The third season of the American Western television series Bonanza premiered on NBC on September 24, 1961, with the final episode airing May 20, 1962. The series was developed and produced by David Dortort, and season three starred Lorne Greene, Pernell Roberts, Dan Blocker, and Michael Landon. The season consisted of 34 episodes of a series total 431 hour-long episodes, the entirety of which was produced in color. At the start of the third season, the show was moved to Sundays at 9:00 p.m. In that time slot, the ratings soared and the series become second only to Wagon Train as the most popular program on American prime time television.

==Synopsis==

Bonanza is set around the Ponderosa Ranch near Virginia City, Nevada and chronicles the weekly adventures of the Cartwright family, consisting of Ben Cartwright and his three sons (each by a different wife), Adam, Eric ("Hoss"), and Joseph ("Little Joe"). A regular character is their ranch cook, Hop Sing.

==Cast and characters==

===Main cast===
- Lorne Greene as Ben Cartwright
- Pernell Roberts as Adam Cartwright
- Dan Blocker as Eric "Hoss" Cartwright
- Michael Landon as Joseph "Little Joe" Cartwright

=== Recurring ===
- Victor Sen Yung as Hop Sing
- Ray Teal as Sheriff Roy Coffee

== Production ==

=== Writing ===
Season three's writing introduced changes into Lorne Greene's character, Ben Cartwright, after Greene threatened to leave the show. Originally written as a Bible-quoting codger who vowed to shoot anyone who came on his land, Ben Cartwright was a tyrant of a father. Greene wanted a more relatable character with a sense of humor and a healthy relationship with his sons. Dortort revised the character to be a warmer father, and focused more on family and personal justice. The changes contributed to the show's success as the new season moved into the #2 spot in ratings.

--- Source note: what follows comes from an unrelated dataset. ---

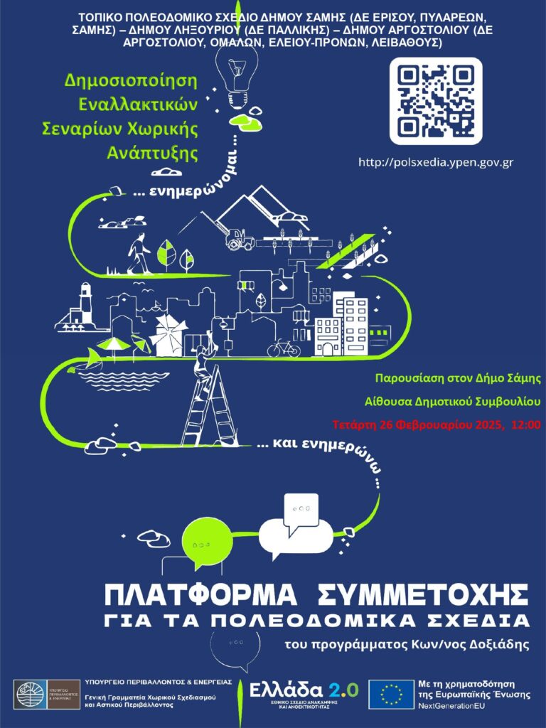 Σε συνέχεια της από 21-2-2025 ανακοίνωσης σχετικά με την παρουσίαση την Τετάρτη 26 Φεβρουαρίου 2025 και ώρα 12:00 των Εναλλακτικών Σεναρίων της Μελέτης του Τοπικού Πολεοδομικού Σχεδίου (ΤΠΣ) ΔΗΜΩΝ ΣΑΜΗΣ – ΛΗΞΟΥΡΙΟΥ – ΑΡΓΟΣΤΟΛΙΟΥ για τον Δήμο Σάμης, σας γνωρίζουμε ότι μπορεί όποιος επιθυμεί να την παρακολουθήσει ζωντανά μέσω του κάτωθι Link

This season marked the beginning of script writing for Michael Landon. His initial treatment was a handwritten script of about 30 pages. Frank Chase helped him complete the script, which ultimately became the April 2, 1962 episode, "The Gamble".

===Filming===
While filming episode 31, "The Dowry", on location, Pernell Roberts's horse, Sport, slipped and fell while going downhill on a muddy path. After Sport fell, Blocker's horse, Chub, who was following closely, stumbled over him. Roberts and Blocker jumped off their mounts as they had been trained to do, but both actors were injured. Roberts sprained his neck, while Blocker broke his collarbone and shoulder and would miss one episode then wear a sling for the remainder of the season.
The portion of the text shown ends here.